Lawsuit and trade war beckons over air quotasDecember 2011
The US and China are set to embark on a trade war and legal battle with the European Union over its expansion of the Emission Trading Scheme (ETS), to include the aviation industry.
From 2012, airlines using European airspace will be given ‘carbon quotas’, with those exceeding their quota being forced to pay for extra permits. A group of non-EU countries have filed a formal complaint to the International Civil Aviation Organization, but China and the US have taken a much more aggressive stance that includes legal action and economic retaliation.
The aviation industry, which emits 3% of total global emissions, a figure likely to increase significantly in the coming years, has been desperately trying to get the legislation thrown out. Despite an industry pledge to cut its carbon emissions in half by 2050 back in 2009, the sector is resistant to compulsory action on climate change, and says the compliance with the scheme will cost e1bn per year over the next decade.
In the US, carriers have already brought a case to the European Court of Justice over the move, and a bill recently passed by the House of Representatives, though unlikely to be passed into law by the Senate, would ban carriers from complying with EU carbon emissions legislation.
The Chinese government, meanwhile, has said its own legal action will be taken by the end of the year. It has also blocked the sale of ten European-manufactured Airbus planes to Hong Kong airlines.
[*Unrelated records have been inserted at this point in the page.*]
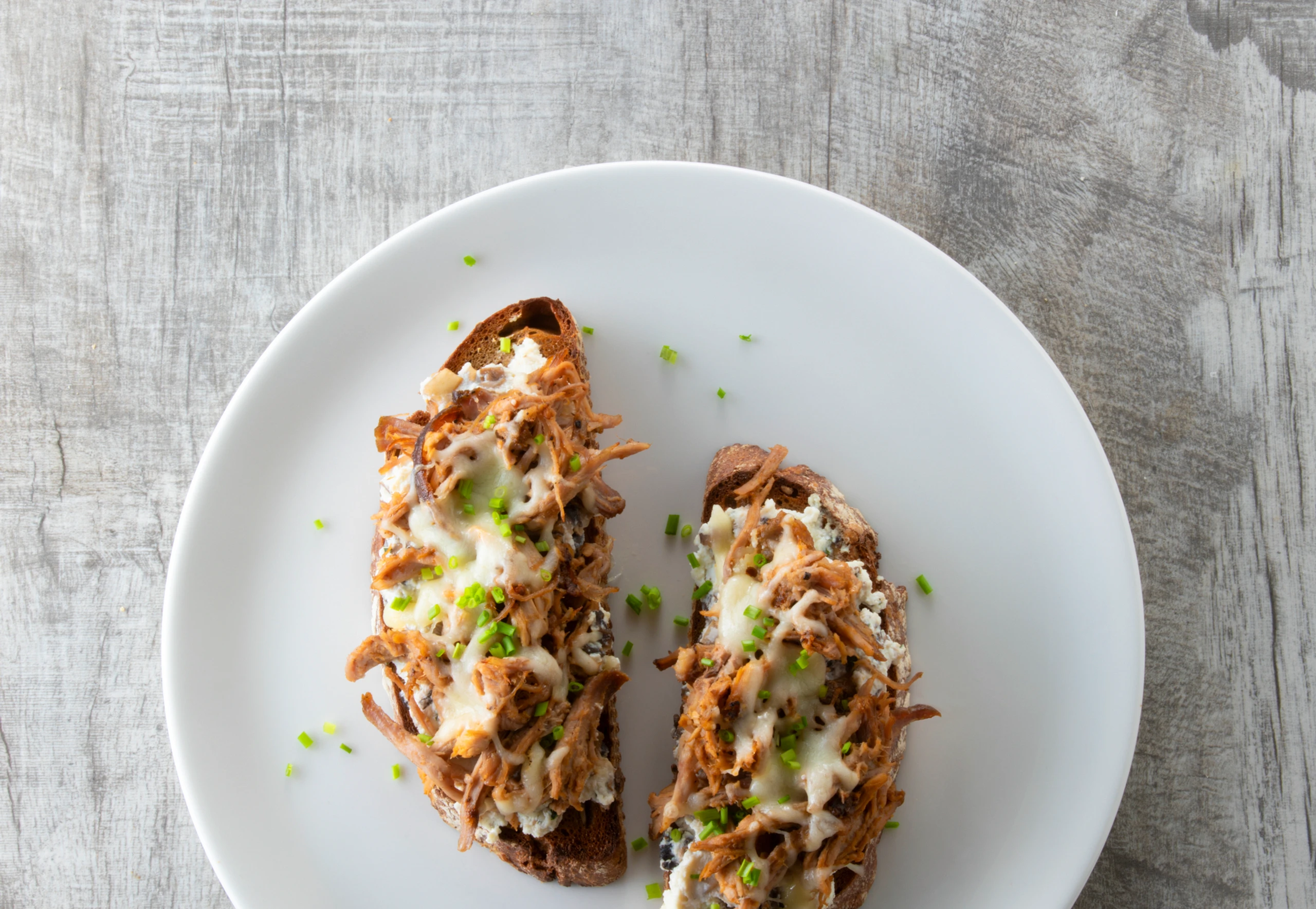 Toasts mit Pulled Pork und Champignon-Ricotta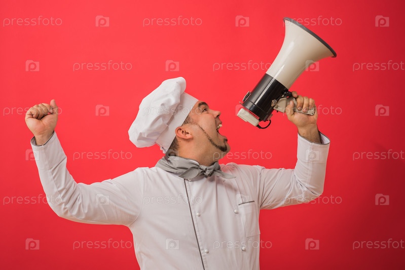 Шеф-повар кричит в мегафон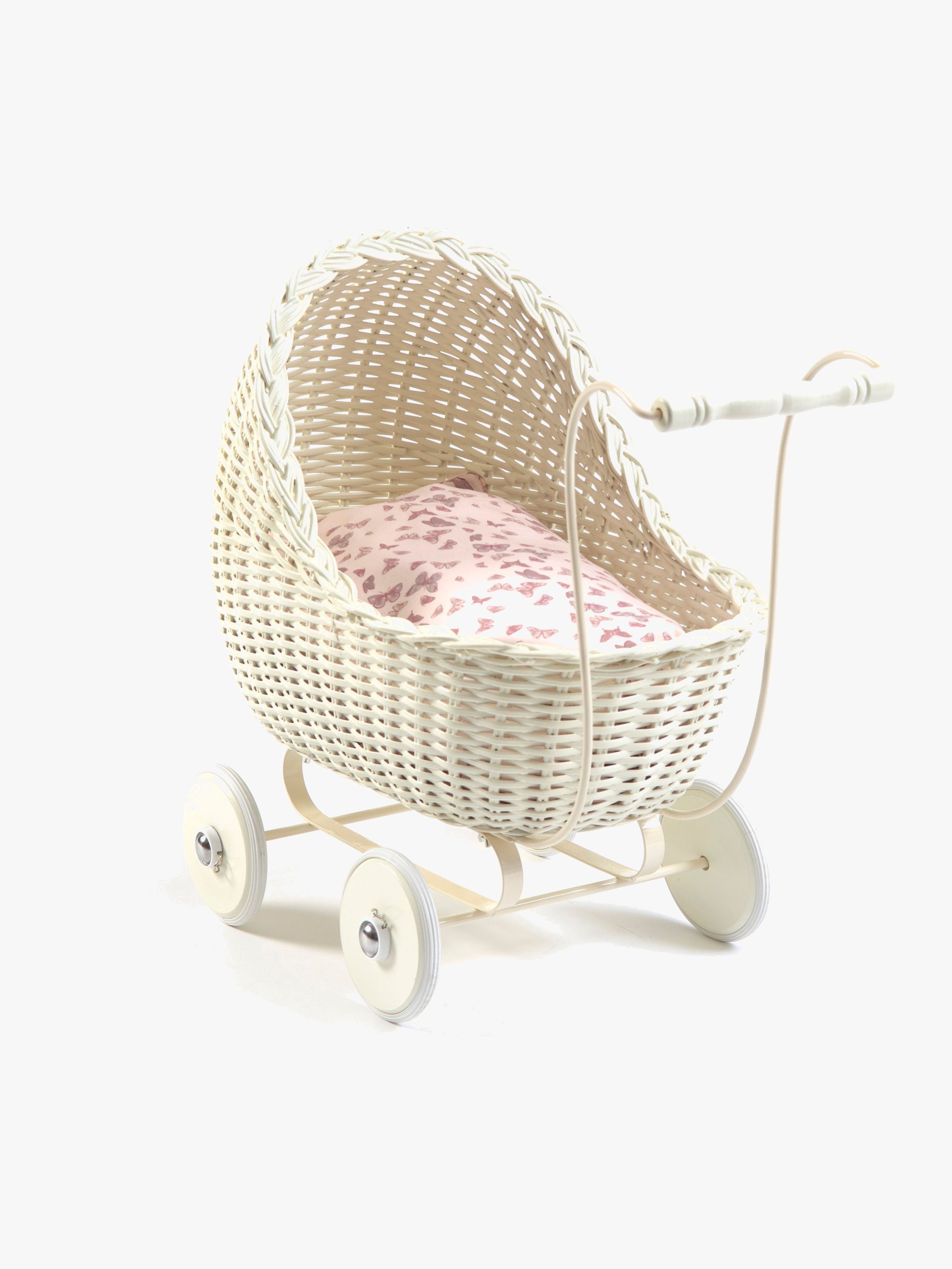 Dukkevogn fra Smallstuff en superfin og charmerende dukkevogn i romantisk fletværk. Dukkevognen kommer med en blød bomuldsmadras, så dukker og bamser ligger behageligt. Smallstuffs Dukkevogne fås i flere forskellige farver. Specifikationer: Mål: ca 46 x 30 x 49 cm // Madrasmål: ca 38 cm. Materiale: Flet, træ og metal. Bemærk: Kun dukkevognen indgår. Sengetøj m.m. købes separat.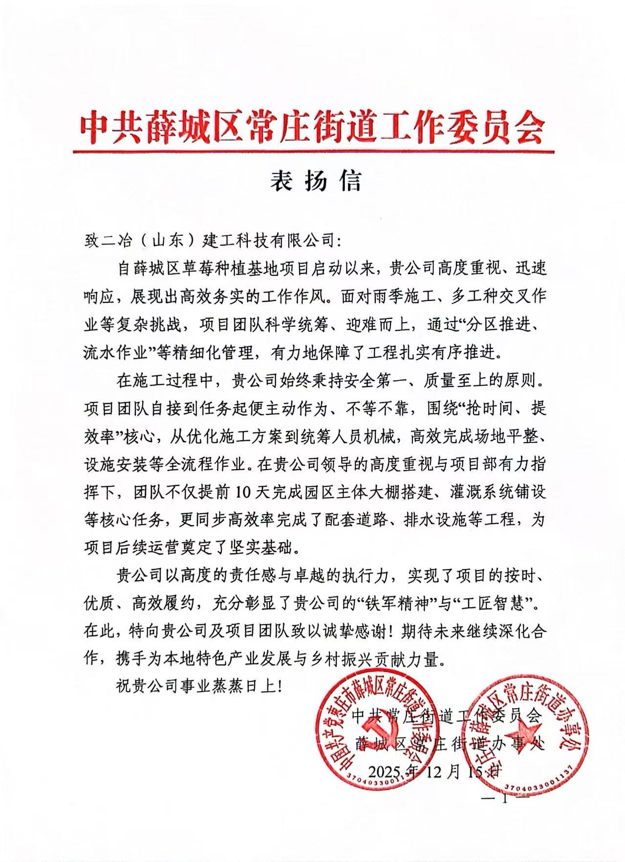 中共常庄街道工作委员会、薛城区常庄街道办事处在来信中特别提到,薛城区草莓种植基地项目团队以高效务实的管理,提前10天完成园区核心任务,生动诠释了“铁军精神”与“工匠智慧”。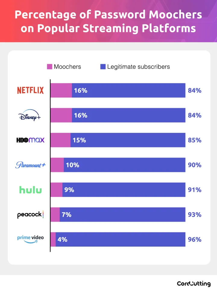 当然,民调总是很有趣。今年,CordCutting(在一个新窗口中打开)对927名使用流媒体服务的人进行了一项调查,以了解有多少人登录到另一个人的一个或多个账户中,发现Netflix的这一数字为16%。迪士尼+也是如此。其他流媒体服务的这一比例更低。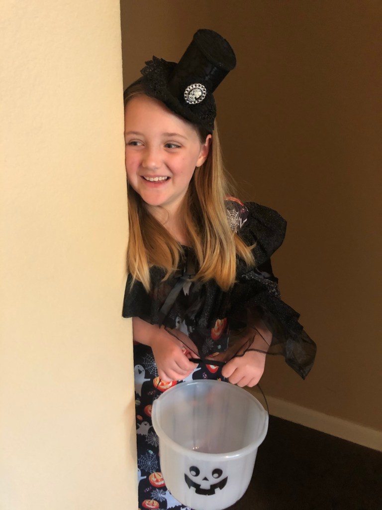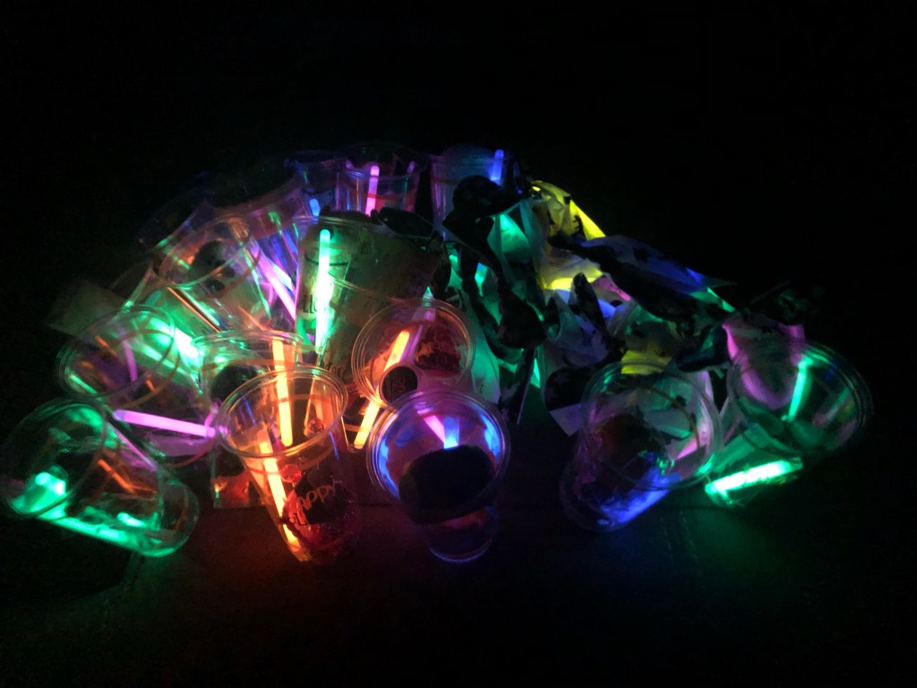 Because this is Halloween, we decided on a treat hunt where she could go “ghost hunting”! To do this, you can use either clear treat bags or clear plastic cups, glow sticks, and treats.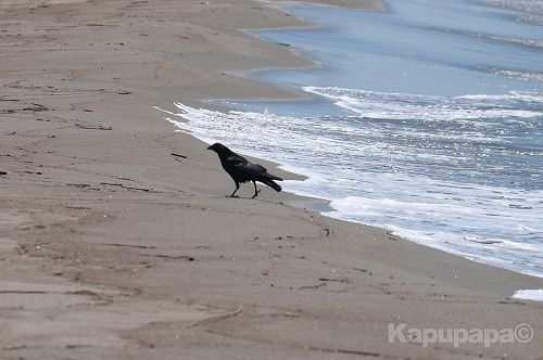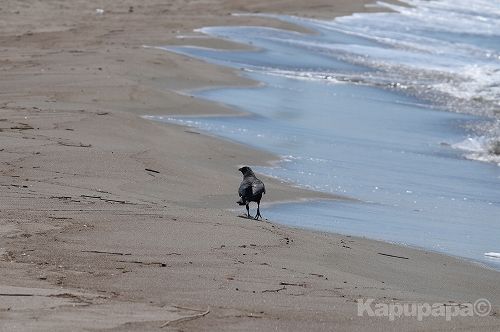 するとカラスは少し離れた波打ち際に降り立ちました。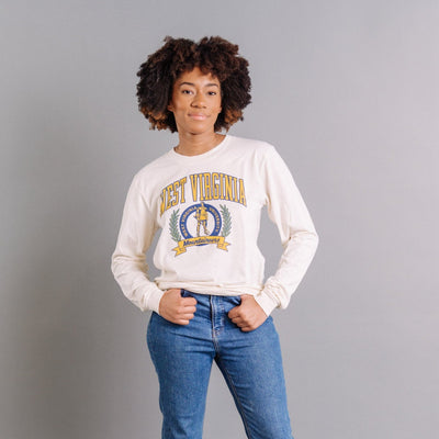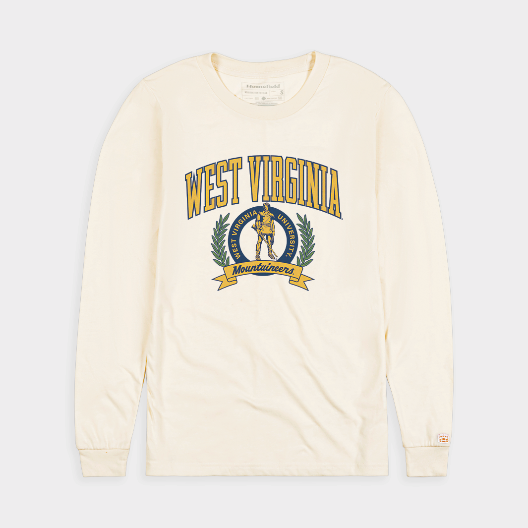 This design, partially inspired by retro college apparel and university crests, features an illustration of sculptor Donald De Lue's 1971 bronze statue “The Mountaineer” that stands proudly on the front lawn of the Mountainlair student union building. Brought to you in partnership with College Vault.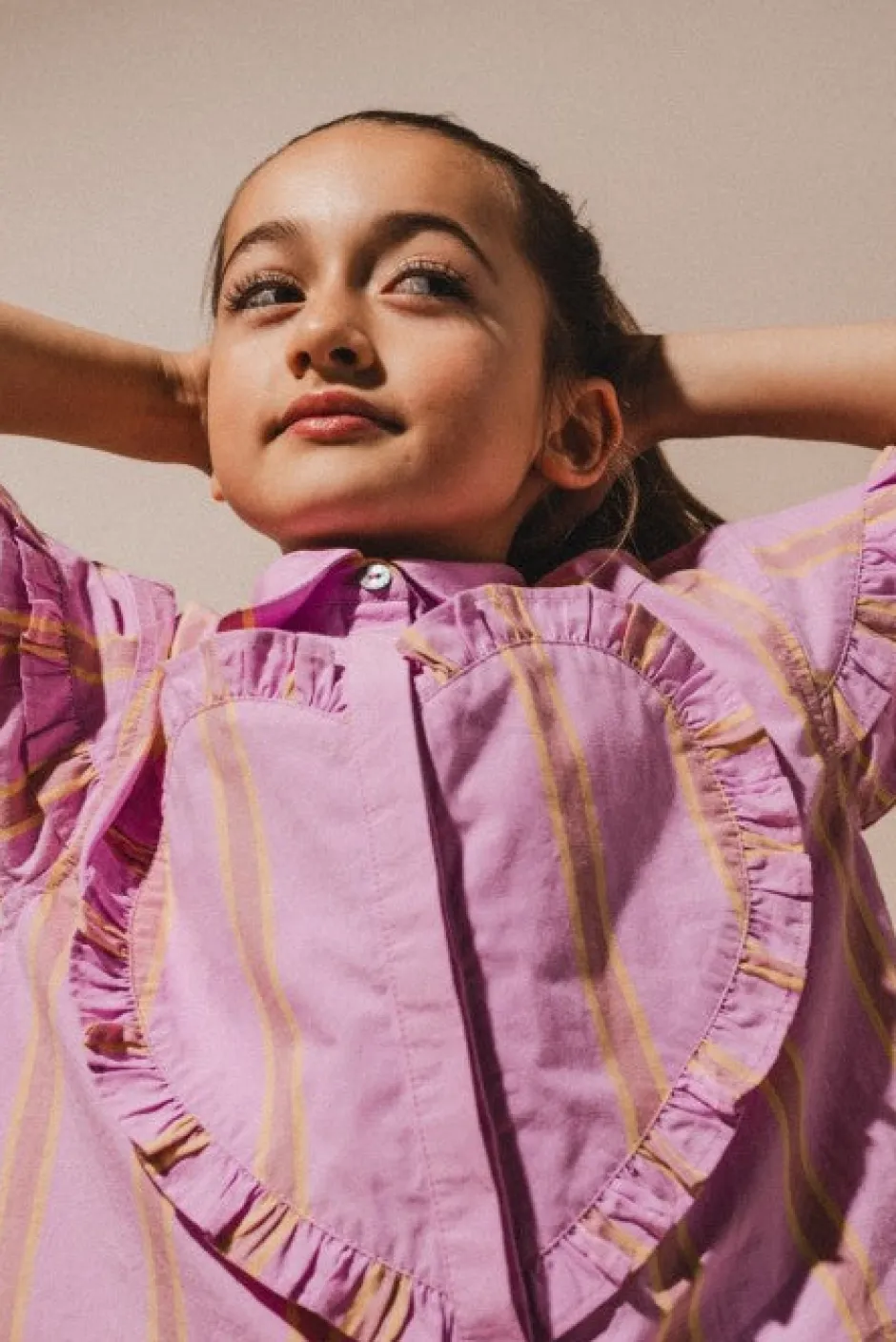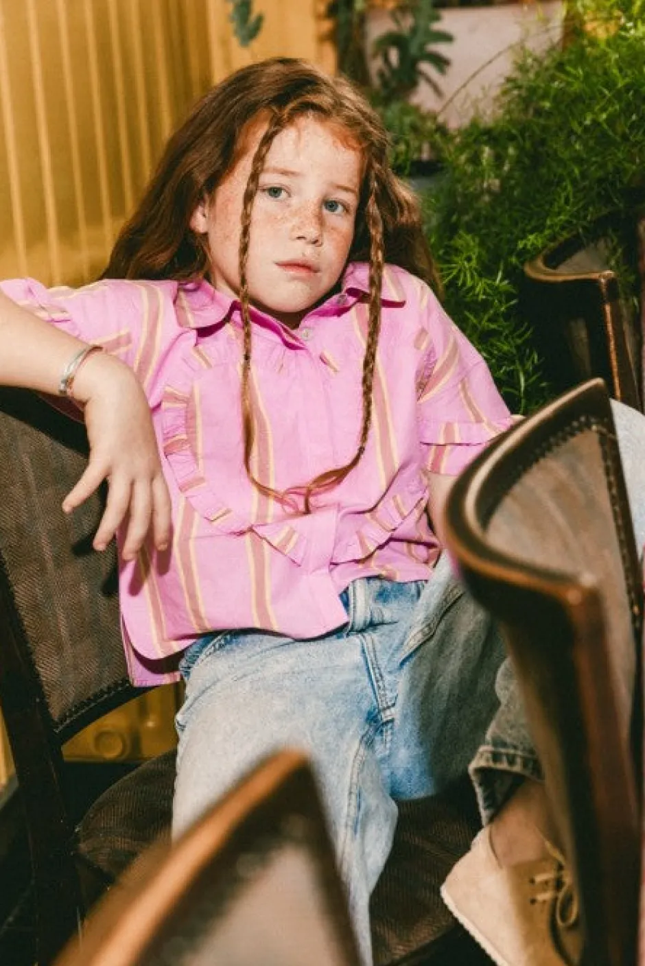 - Deze roze blouse heeft chique ruffles en een mooi kraagje

Chinese airlines say the law hurts developing countries disproportionately and is an extension of European power to foreign jurisdictions (permits apply to flights from, but also carbon emitted from outside the EU).
However, Jiang Kejun, head of energy research at China’s economic planning commission, said: “It’s natural that China’s airlines will object to paying charges, but I don’t think there’s any need for China to make too much of a fuss. The inclusion of aviation in the ETS will have a greater impact on European airlines, as they have more European routes.
“Also, there are advantages for China. First, the higher costs for European airlines will result in a relative increase in the competitiveness of Chinese firms. Second, it will promote low-carbon development for China’s airlines. China’s late-starter advantage means its firms are very likely to lead others in emissions reductions.”
The US legal action, brought by the Air Transport Association of America and others, is likely to fail following a statement from the European Court of Justice that the scheme is compatible with international law, making it difficult to see what form legal action from China could take.